Who's Caring for You During Your Medical Visit?
Just like advances in medicine, who's providing your medical care is changing too. It's more common to be treated by a physician assistant or nurse practitioner, in addition to doctors and nurses. Physician assistants and nurse practitioners often work in primary care, as well as urgent care and specialty care. They’re an increasingly common and important part of the team guiding you to your best health.
It’s likely that a nurse practitioner (NP) or a physician assistant (PA) has already helped you. NPs and PAs are both considered advanced practice clinicians. Their role on your healthcare team improves your access to care, while reducing the time it takes to be evaluated and treated when you need it.

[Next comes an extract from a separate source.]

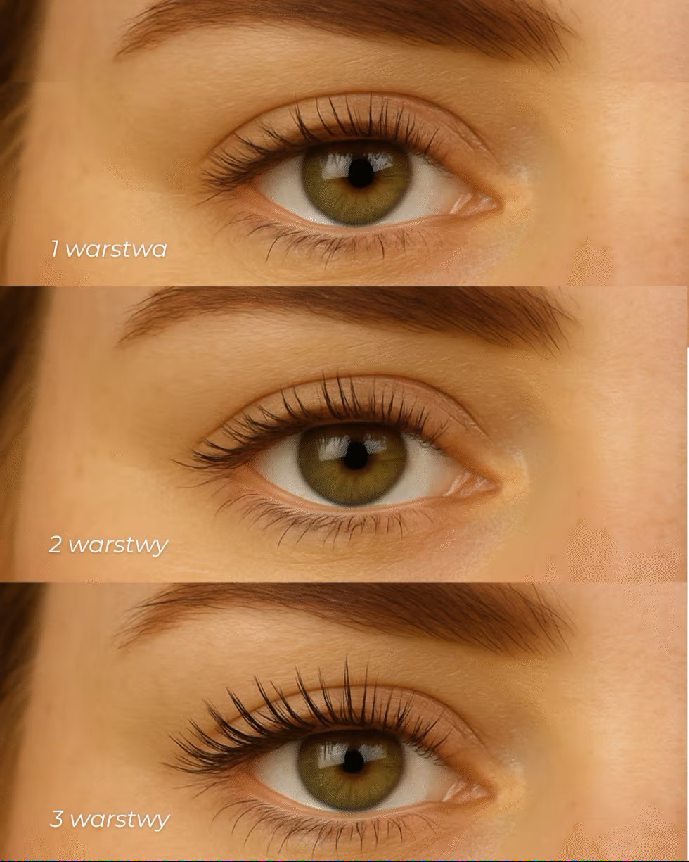 W składzie tuszu znajdują się naturalne składniki, które wspierają zdrowie rzęs. Olej konopny regeneruje i odżywia rzęsy od nasady po same końce, podczas gdy ekstrakt z aloesu intensywnie nawilża i koi delikatne włoski. Dodatkowo, witaminy E i C chronią rzęsy, wzmacniają je oraz poprawiają ich elastyczność. Dzięki temu tusz nie tylko wykonuje swoje podstawowe zadanie, ale także skutecznie dba o kondycję rzęs.

What is a Nurse Practitioner?
Nurse practitioners diagnose, monitor and treat medical conditions, perform physical exams, order diagnostic testing and write prescriptions—all with a focus on patient-centered care. This means that NPs work with patients to ensure that decisions about their health respect their wants, needs and preferences. This approach to care reduces underused and overuse of medical services, improves patient satisfaction with care, and improves their clinical outcomes.
Certified nurse practitioners complete master’s or doctoral degree programs, and have advanced clinical training beyond their initial professional registered nurse preparation. Nurse practitioners must also pass rigorous national board exams before they’re certified in their chosen specialty or sub-specialty.
“Our nursing background emphasizes caring and compassion,” says Virtua nurse practitioner Catherine Baglieri, FNP. “We focus on health education and disease prevention, and we empower patients to make changes to improve their health.”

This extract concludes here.